"M jak miłość" emitowana jest na antenie TVP2 od przeszło dwóch dekad. Mogłoby się wydawać, że po tylu latach, scenarzystom trudno będzie w interesujący sposób przedstawić dalszą historię losów wielopokoleniowej rodziny Mostowiaków. W międzyczasie wielokrotnie zmieniała się bowiem obsada, a co za tym idzie, bohaterowie. Jednak serial wciąż należy do grona najpopularniejszych polskich produkcji. Tygodniowo ogląda go średnio 5 milionów widzów. Obecnie fabuła serialu w większości rozgrywa się na terenie Warszawy, chociaż sporadycznie przenosi się też do Grabiny, gdzie znajduje się rodzinny dom Mostowiaków.
W 1560. odcinku, którego emisja przewidywana jest na 25 stycznia, Kinga (Katarzyna Cichopek) straci cierpliwość do Joasi (Barbara Kurdej-Szatan).
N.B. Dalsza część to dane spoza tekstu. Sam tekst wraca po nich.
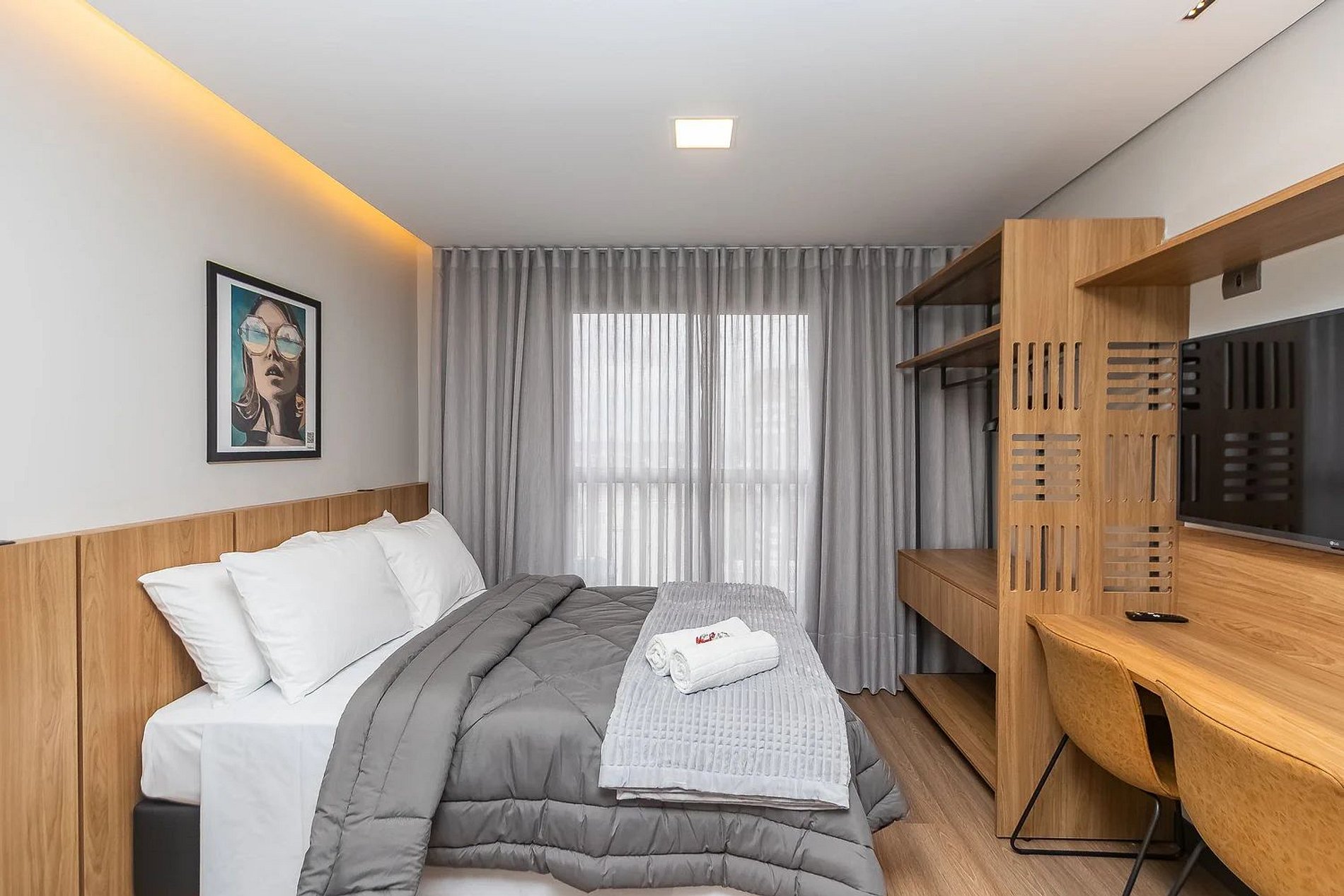 - Temos diferentes espaços nesta propriedade, todos eles projetados para você ter uma ótima estadia — enquanto nosso estilo é consistente, alguns aspectos mínimos podem mudar, como exemplo um vaso de flor ou podemos ter retirado o tapete para higienização.

Od wyjazdu Chodakowskiej do Francji minęło bowiem dużo czasu, a bohaterka nadal nie potrafi zdecydować, jak będzie wyglądała jej przyszłość. Dotychczas każdy jej współczuł, jednak Kindze trudno jest pogodzić pracę w bistro z życiem rodzinnym.
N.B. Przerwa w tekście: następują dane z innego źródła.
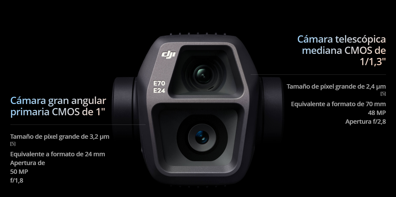 El DJI Air 3S cuenta con un sistema de cámara dual que consta de una cámara principal con CMOS de 1 pulgada y una cámara telefoto mediana con CMOS de 1/1,3 pulgadas. La cámara principal cuenta con un sensor CMOS más grande y una lente de 24 mm, lo que la hace ideal para capturar paisajes extensos con mayor claridad y un campo de visión amplio. La cámara telefoto mediana de 70 mm se destaca en retratos y fotografías de vehículos, ofreciendo una profundidad de campo comprimida para resaltar cualquier sujeto con un aspecto más audaz y cinematográfico.

Kobieta ma bowiem na głowie czwórkę swoich dzieci. Brakuje jej pomocy Joasi, która tymczasem nie zdaje sobie sprawy z tego, że wkrótce ktoś może zastąpić jej miejsce. Patowa sytuacja, w której znalazła się Kinga, spowoduje, iż poprosi ona swojego męża Piotra (Marcin Mroczek) o pomoc w rekrutacji nowej menadżerki bistro. Kobieta będzie miała dość czekania na niezdecydowaną Joasię. Czy Chodakowska będzie miała zatem do czego wracać?